- [Task requirements]: Copy word for word the lines of the records below, beginning at the one with "On stage, a" and finishing at the one with "BLACK LAMINATE BEDROOM", ends included, but none of the pictures.

- [Records provided]:
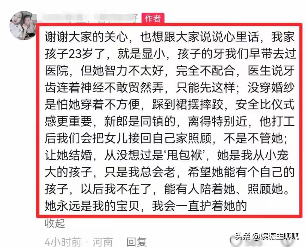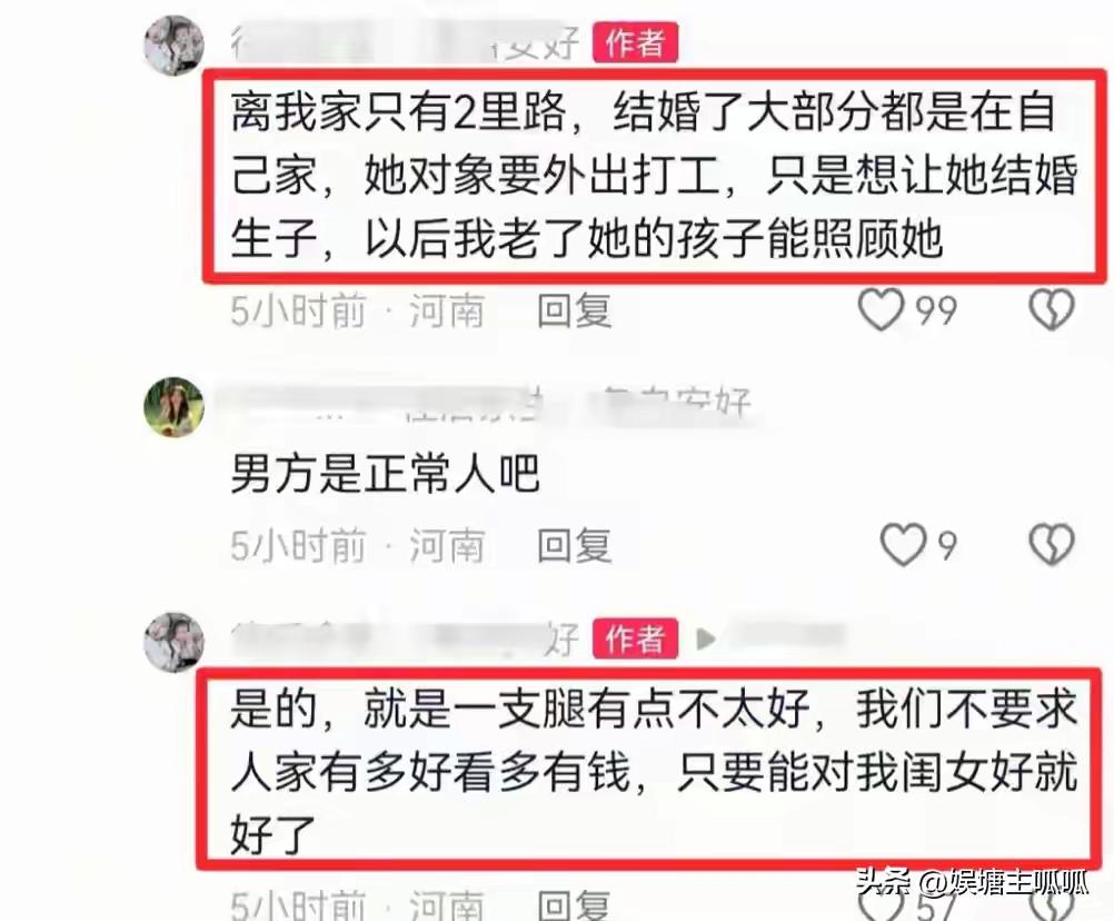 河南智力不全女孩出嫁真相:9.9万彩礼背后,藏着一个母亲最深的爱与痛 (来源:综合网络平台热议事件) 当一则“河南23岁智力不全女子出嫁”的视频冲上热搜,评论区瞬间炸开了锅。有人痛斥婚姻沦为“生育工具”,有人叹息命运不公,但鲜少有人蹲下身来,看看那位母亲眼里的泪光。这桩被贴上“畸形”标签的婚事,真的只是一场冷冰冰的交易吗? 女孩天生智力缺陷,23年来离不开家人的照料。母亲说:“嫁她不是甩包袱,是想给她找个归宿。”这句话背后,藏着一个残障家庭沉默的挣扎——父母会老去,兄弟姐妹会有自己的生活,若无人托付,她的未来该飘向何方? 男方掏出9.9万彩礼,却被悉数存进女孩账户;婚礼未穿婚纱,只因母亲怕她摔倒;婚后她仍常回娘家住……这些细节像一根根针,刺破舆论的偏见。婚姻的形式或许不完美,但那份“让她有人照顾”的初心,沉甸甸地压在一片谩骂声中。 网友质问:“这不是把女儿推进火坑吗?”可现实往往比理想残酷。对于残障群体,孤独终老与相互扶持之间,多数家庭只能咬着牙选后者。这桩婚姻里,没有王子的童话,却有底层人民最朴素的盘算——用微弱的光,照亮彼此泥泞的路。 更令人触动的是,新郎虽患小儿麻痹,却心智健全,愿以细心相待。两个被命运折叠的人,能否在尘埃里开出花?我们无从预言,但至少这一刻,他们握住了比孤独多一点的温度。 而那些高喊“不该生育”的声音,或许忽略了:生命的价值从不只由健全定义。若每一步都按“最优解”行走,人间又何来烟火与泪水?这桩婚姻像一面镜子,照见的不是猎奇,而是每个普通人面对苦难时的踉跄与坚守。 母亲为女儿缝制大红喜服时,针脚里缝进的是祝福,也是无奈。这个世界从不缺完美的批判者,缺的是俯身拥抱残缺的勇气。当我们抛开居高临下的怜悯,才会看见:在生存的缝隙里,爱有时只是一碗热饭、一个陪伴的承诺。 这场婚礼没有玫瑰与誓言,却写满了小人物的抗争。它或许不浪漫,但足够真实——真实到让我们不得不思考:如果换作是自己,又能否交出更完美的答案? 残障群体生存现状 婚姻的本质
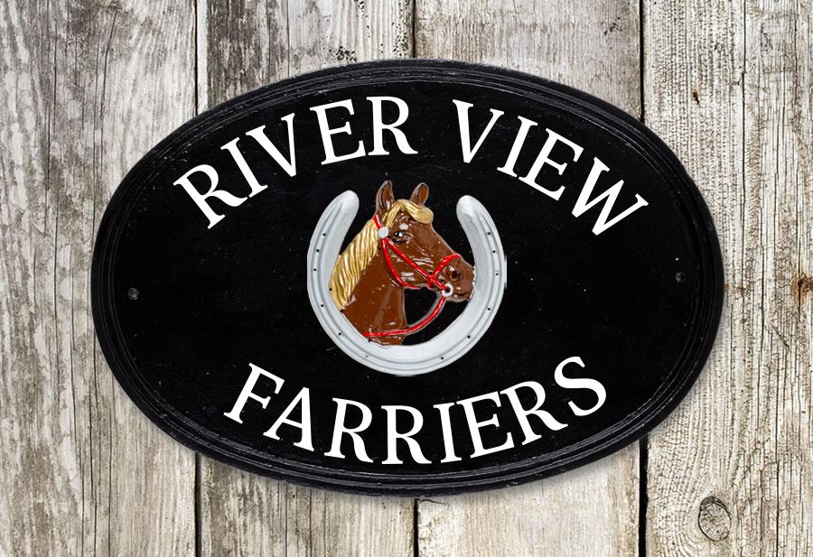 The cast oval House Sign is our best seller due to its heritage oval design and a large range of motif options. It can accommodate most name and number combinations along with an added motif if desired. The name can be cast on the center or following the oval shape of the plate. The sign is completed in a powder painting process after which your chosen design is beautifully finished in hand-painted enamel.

...

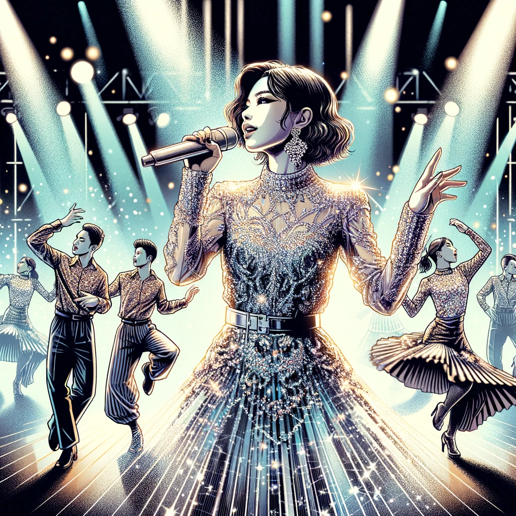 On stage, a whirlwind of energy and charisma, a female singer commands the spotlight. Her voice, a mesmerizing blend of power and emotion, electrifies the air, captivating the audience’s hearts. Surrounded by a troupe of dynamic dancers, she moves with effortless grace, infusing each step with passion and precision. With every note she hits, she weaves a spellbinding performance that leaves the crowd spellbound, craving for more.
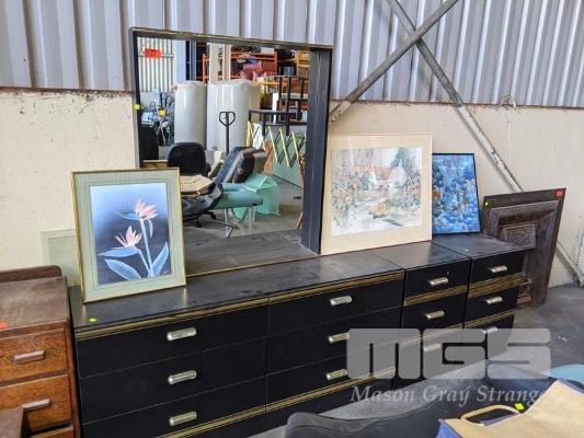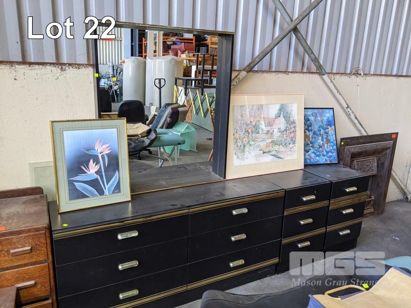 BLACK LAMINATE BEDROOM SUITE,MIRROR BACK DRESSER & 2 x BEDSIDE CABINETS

- [Output of the exercise]:
 On stage, a whirlwind of energy and charisma, a female singer commands the spotlight. Her voice, a mesmerizing blend of power and emotion, electrifies the air, captivating the audience’s hearts. Surrounded by a troupe of dynamic dancers, she moves with effortless grace, infusing each step with passion and precision. With every note she hits, she weaves a spellbinding performance that leaves the crowd spellbound, craving for more.
 BLACK LAMINATE BEDROOM SUITE,MIRROR BACK DRESSER & 2 x BEDSIDE CABINETS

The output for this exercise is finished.